A faithful, complete copy of the entries below is required, with images removed.

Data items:
---

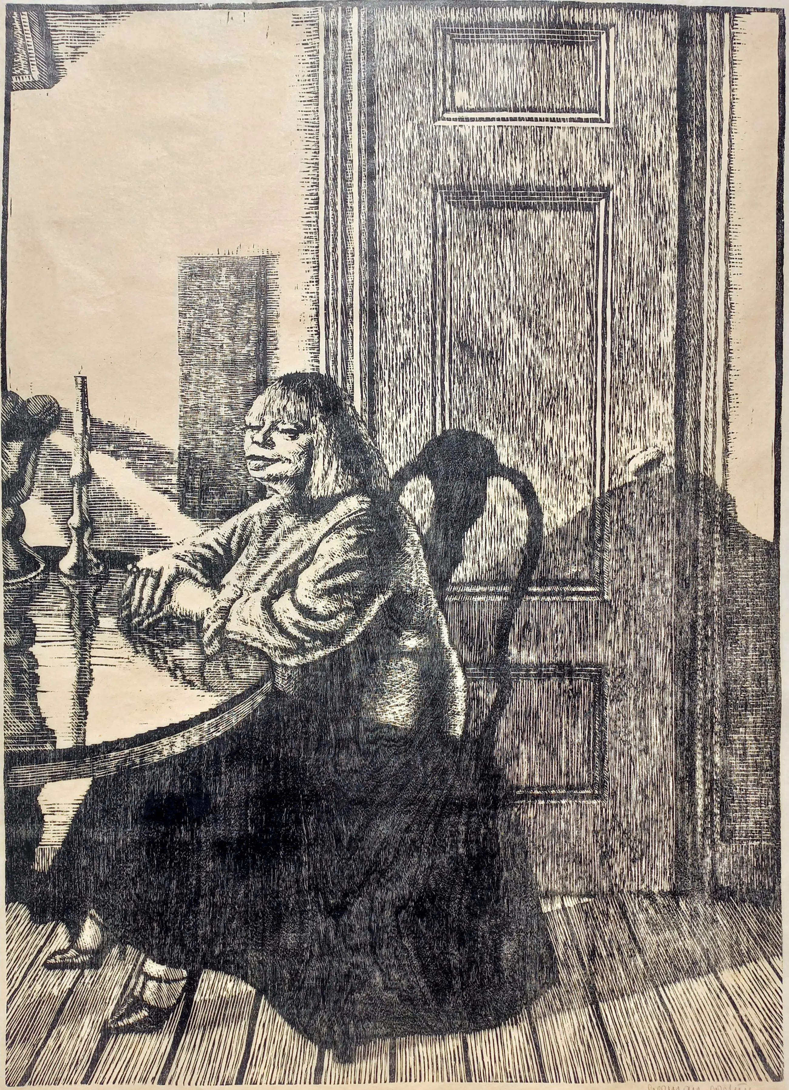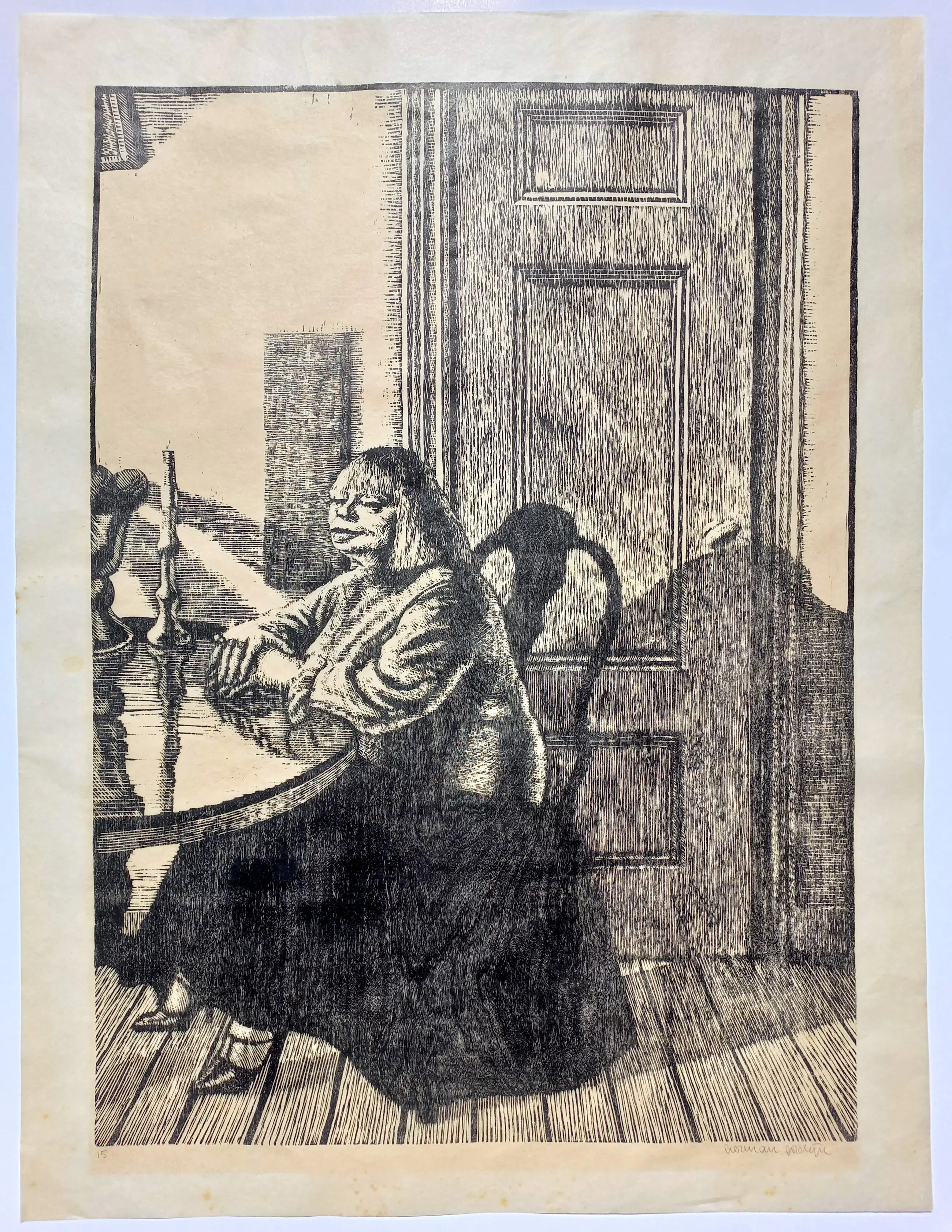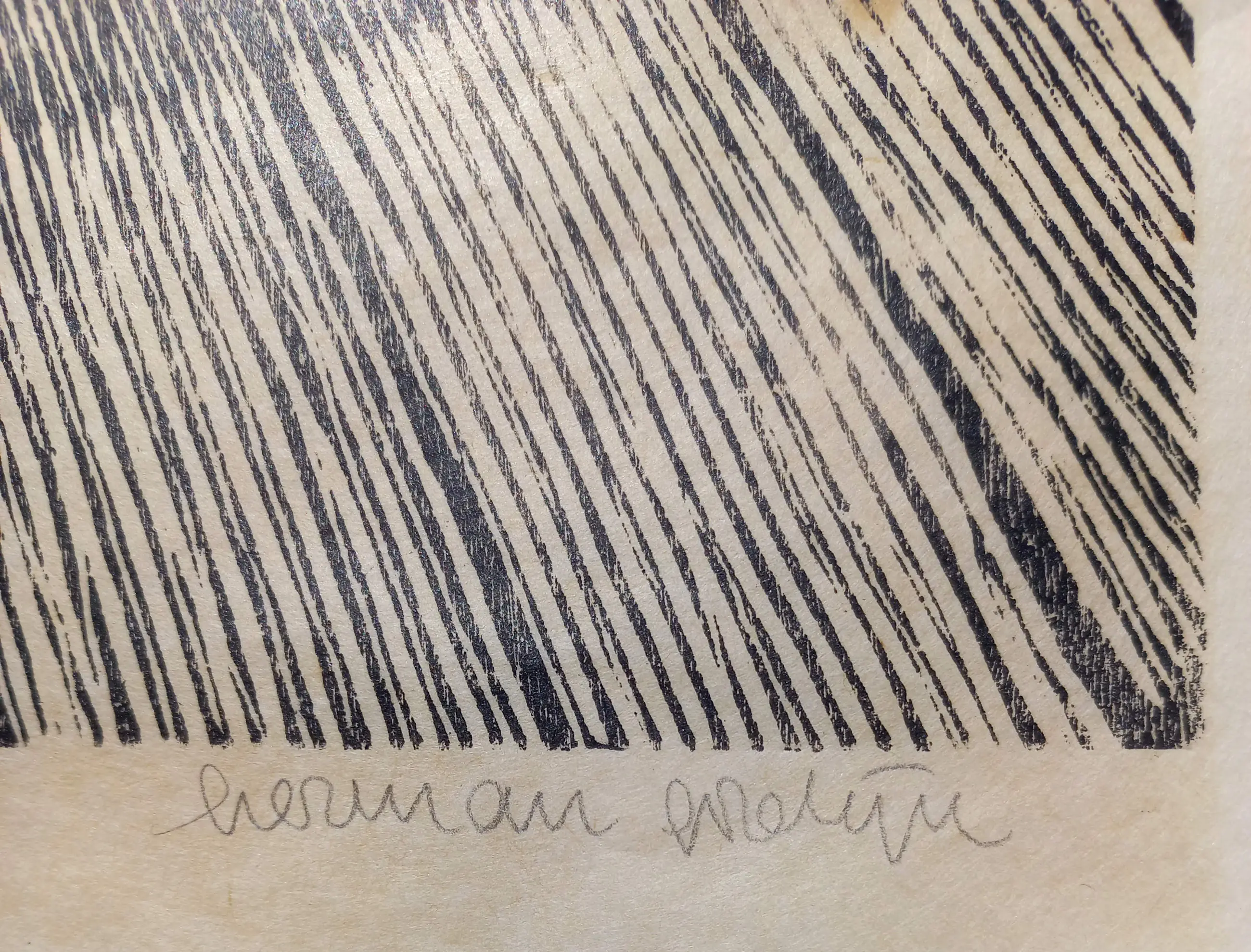 Grote, karakteristieke houtsnede uit 1984 van Herman Gordijn. Houtsnede op japans papier, met potlood gesigneerd en genummerd (15). In redelijk goede conditie.
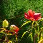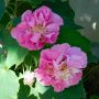 初秋の境内には、ピンクの酔芙蓉と、赤い木槿が咲いていました。
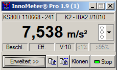 Cursoren lässt Rückschlüsse auf die hier zugrunde liegenden Mechanismen zu: Die auftretenden Stöße liegen 8,5 ms (118 Hz) bzw. 43,8 ms (23 Hz) auseinander. Die Käfigumlauffrequenz beträgt 22,6 Hz. Die zusätzliche Frequenz entspricht der Wälzkörperüberrollfrequenz 118 Hz.
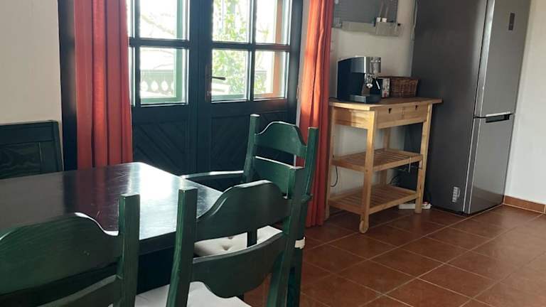Das Landhaus besteht aus 2 Schlafzimmern, einem Wohnzimmer und einer voll ausgestatteten Küche mit Kühlschrank und Kaffeemaschine. Es gibt 2 Badezimmer mit Dusche und Haartrockner. Handtücher und Bettwäsche werden bereitgestellt, und eventuell kann die Bettwäsche auf Anfrage gewechselt werden.
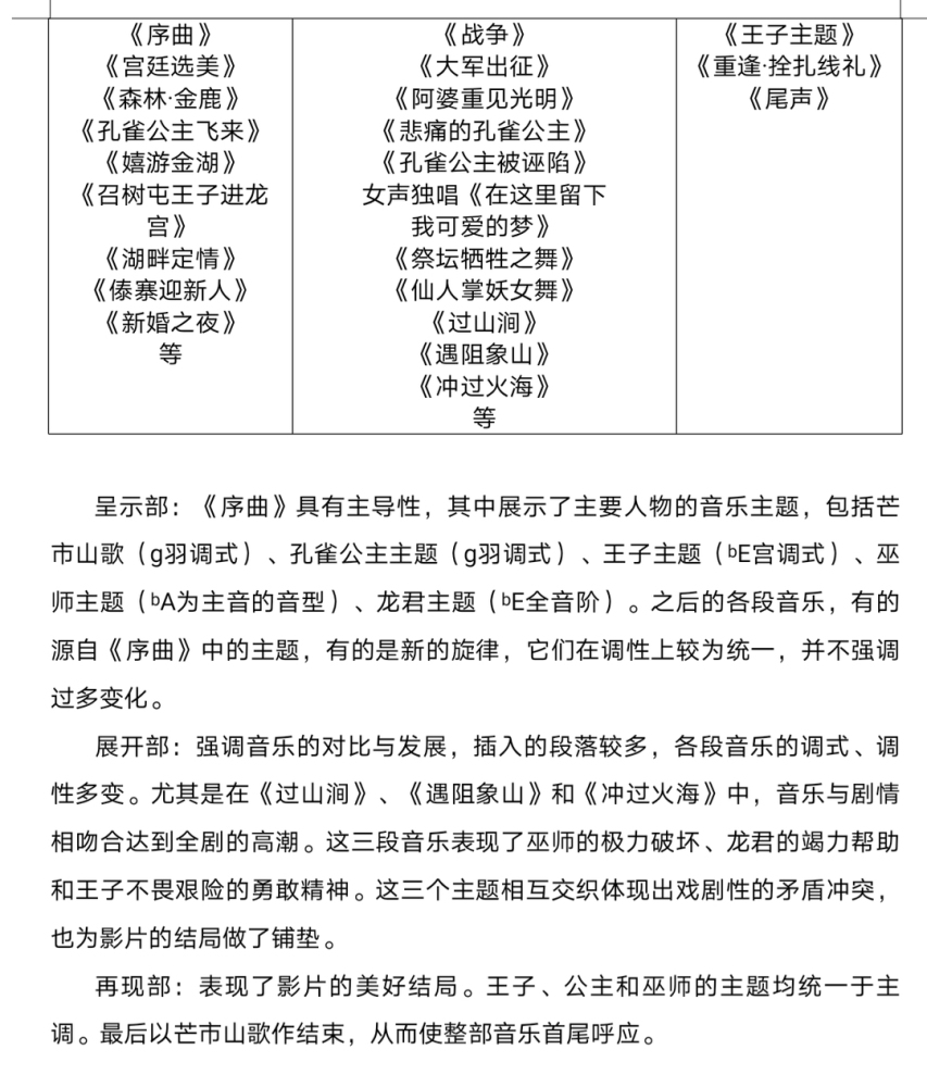 另外,在电影音乐《孔雀公主》中,作曲家根据傣族题材还以云南德宏州的傣族城子山歌“喊嘛勒姐”的曲调为基础,按照人物和情节的表现需要将其变化发展,塑造出多姿多彩的音乐场景,并为跌宕起伏的戏剧性情节营造气氛。
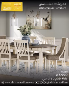 مفروشات الشماسي.. الجمعة البيضاء.. طاولة طعام “6 كراسي” بـ 3,990 ر.س

---

(Output of the exercise)
 Grote, karakteristieke houtsnede uit 1984 van Herman Gordijn. Houtsnede op japans papier, met potlood gesigneerd en genummerd (15). In redelijk goede conditie.
 初秋の境内には、ピンクの酔芙蓉と、赤い木槿が咲いていました。
 Cursoren lässt Rückschlüsse auf die hier zugrunde liegenden Mechanismen zu: Die auftretenden Stöße liegen 8,5 ms (118 Hz) bzw. 43,8 ms (23 Hz) auseinander. Die Käfigumlauffrequenz beträgt 22,6 Hz. Die zusätzliche Frequenz entspricht der Wälzkörperüberrollfrequenz 118 Hz.
Das Landhaus besteht aus 2 Schlafzimmern, einem Wohnzimmer und einer voll ausgestatteten Küche mit Kühlschrank und Kaffeemaschine. Es gibt 2 Badezimmer mit Dusche und Haartrockner. Handtücher und Bettwäsche werden bereitgestellt, und eventuell kann die Bettwäsche auf Anfrage gewechselt werden.
 另外,在电影音乐《孔雀公主》中,作曲家根据傣族题材还以云南德宏州的傣族城子山歌“喊嘛勒姐”的曲调为基础,按照人物和情节的表现需要将其变化发展,塑造出多姿多彩的音乐场景,并为跌宕起伏的戏剧性情节营造气氛。
 مفروشات الشماسي.. الجمعة البيضاء.. طاولة طعام “6 كراسي” بـ 3,990 ر.س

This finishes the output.